I have a good number of Vallisneria Americana in my aquarium. I read plenty of descriptions of this plant before purchasing it, so was under the impression that it wouldn't really grow much longer than 2' tall. Well...

http://www.fishforums.com/forum/album.php?albumid=66&pictureid=1328

Here I am with, presenting my 3' 6" Vallisneria Americana, which is totally spiff.

What's the tallest your Vals have gotten to? 

:fish:


----------



## lohachata (Jan 27, 2006)

ain't it funny how them dumb plants and fishes never read any of them books that folks have written about them......
great job kiddo...obviously; you are doing it right...


----------



## komodo182 (Apr 14, 2009)

ur a lucky girl, in my area we do not even have plants like that. Just java ferns mostly ( i could be wrong about the name, but I think that's what the pet store calls them)


----------



## InuGirlTeen (Oct 26, 2008)

@ Lohachata - Haha. Silly plants and their need to break the rules! -shakes fist-

@ Komodo - The stores around me don't sell anything good either. Too rural of an area. I actually bought my vals from BayleesFishees online. They were really cheap and arrived in great condition. My only qualm lies with the little shelled passengers that hitched a ride from Baylees to my aquarium. =P


----------



## komodo182 (Apr 14, 2009)

I have a few plants coming from asia,lol off ebay, so I hope they turn out well.


----------



## BV77 (Jan 22, 2005)

I've typically had them grow 3-4 feet as well.

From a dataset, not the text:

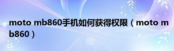 moto mb860手機如何獲得權(quán)限(moto mb860)

Here's a couple shots after thinning them out. I find that if you cut the leaves short , the plant suffers, So how I thin them is to pull the main plant after cutting the runners and let the smaller plants grow.

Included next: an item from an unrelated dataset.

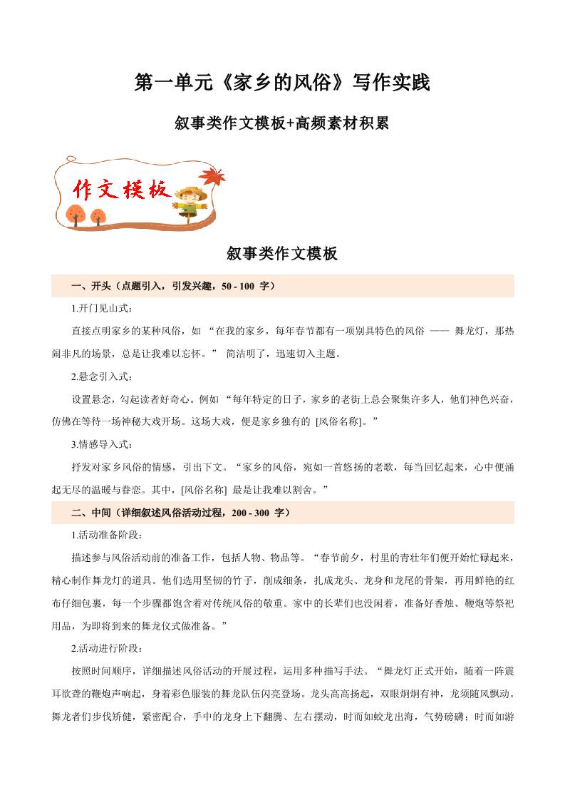 专题02 叙事类作文模板高频素材积累

Yours are doing quite well, and soon you'll have more runners than you care to ...lol


----------



## InuGirlTeen (Oct 26, 2008)

@ Komodo - Yeah, I have some moss coming in from London that I'm a little worried about. =P

@ BV77 - Wow! Your vals look amazing! =D


----------



## flamingo (Nov 5, 2005)

Ugh. I collect these locally, not even a 10 minute walk from my house. The largest i've collected then grew out, ran the length of my 55 gallon, and curved around the edges. When I find the pics i'll post them. Deep substrate+undergravel heater work wonders.
Also, when wild vallisneria grow in the smaller streams around here, they'll reach anywhere between 5-6 feet before they die off.


----------



## InuGirlTeen (Oct 26, 2008)

Wow, Flamingo. I wonder if I have any of those around here. Indy and Wisconsin aren't so very different geographically.


----------